Friday, October 23, 2009

Ella Cinders. 1926. Directed by Alfred E. Green.

(3/19/00)

What a delight this movie is! It is witty, entertaining and has heart to spare. It is a modern riff on the Cinderella story with Colleen Moore as a put-upon stepdaughter who wins a contest and gets to go to Hollywood.

I don't find Miss Moore particularly attractive, but she is thoroughly likable. You reallywant her to succeed. And she is a damn good comedienne to boot. She reminds me of Charlie Chaplin, but that could be because she's doing similar material. When she babysits she does a routine that is kind of remisiscent of Chaplin's "Dance of the Rolls" from The Gold Rush (released only the year before). And the scene where she sits for a photographer while a fly crawls on her nose is pretty Chaplin-like, too. But she does it so well.

Moore's Ella Cinders is plucky and resourceful. She never quits trying and her success is deserved. Even when she learns that the contest she won was a fraud and the perpetrators arrested she doesn't give up and go home. She persists in trying to get into the movies--and dammit, she does!

One great comic scene that I can't pass over is when Moore sleeps on the train in a deserted car--deserted, that is, until a tribe of Indians come on board. She wakes up and looks at them in disbelief. They are all smoking cigars and one is rather aggressively pressed upon her. She is afraid to turn it down even though it is making her obviously sick. It's a cruel scene, really--but funny!

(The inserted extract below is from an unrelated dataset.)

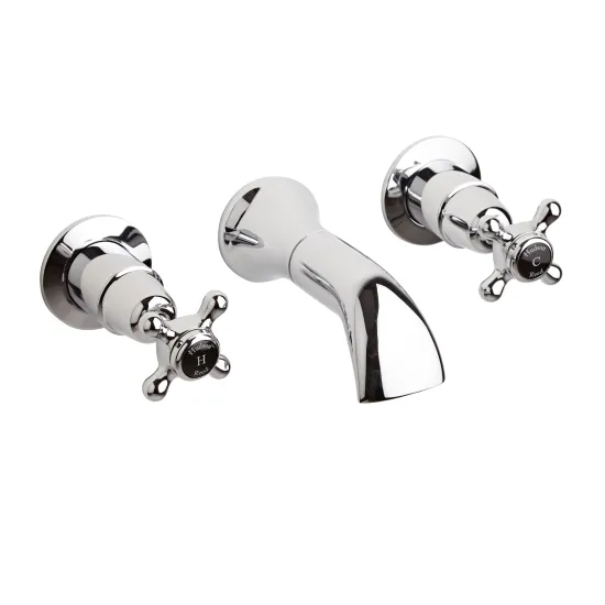 Old London Black Topaz With Crosshead Handle 3 Tap Hole Wall Mounted Basin Mixer - Chrome

Like Chaplin's films, this one has its share of pathos. Itisn't pathetic at first when Ella is being treated like a slave. That is played too broadly to be taken seriously. But when Ella is sitting alone at the curb, not being allowed to go to the ball; when the stepmother says "But I have no other daughter" when the judges come to give Ella the prize; when she goes to say goodbye to her stepmother and stepsisters before leaving for Hollywood and they just ignore her; and especially when she finds out that the contest she won wasn't genuine there is real pain.
If there is one thing I didn't like about this picture, it was that the ending seemed too abrupt. Her boyfriend arrives on a train and scoops her away from her work, not even really asking her to choose between him and a career. It just came out of nowhere and didn't work for me. But that's about the only thing I didn't like in this otherwise splendid movie. It's a gem.

(3/26/00)

I'd like to make note of a few more things about Ella Cinders that I found interesting. When she decides to enter the local contest in hopes of going to Hollywood, Ella surreptitiously borrows a book to learn the craft of acting for the pictures. In order to get the money to have her photos taken she babysits for three nights. These are just examples of the effort she puts out. She's really trying.

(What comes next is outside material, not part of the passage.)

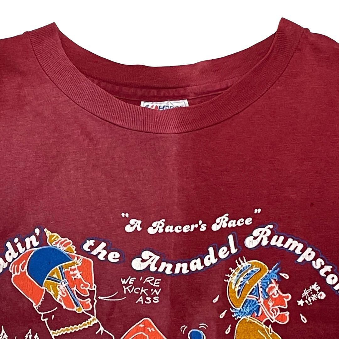 80s HANES ビンテージ プリント Tシャツ USA製 赤 フェード スポーツ イベントT 87年 ダメージ 80年代 ヘインズ 古着 vintage 古着 【XL】

As she studies the book she tries to learn hopw to use her eyes and there is a hilarious and technically amazing scene of her making her eyes go in different directions. It is quite an advanced use of special effects.

And when determined Ella tries to crash into a movie studio, one of the things she tries is holding a mannequin's head above her own and draping herself in some very tall clothing and just casually walking through the studio gates. And it might have worked except for an overly aggressive dog that pulls that elongated dress right off.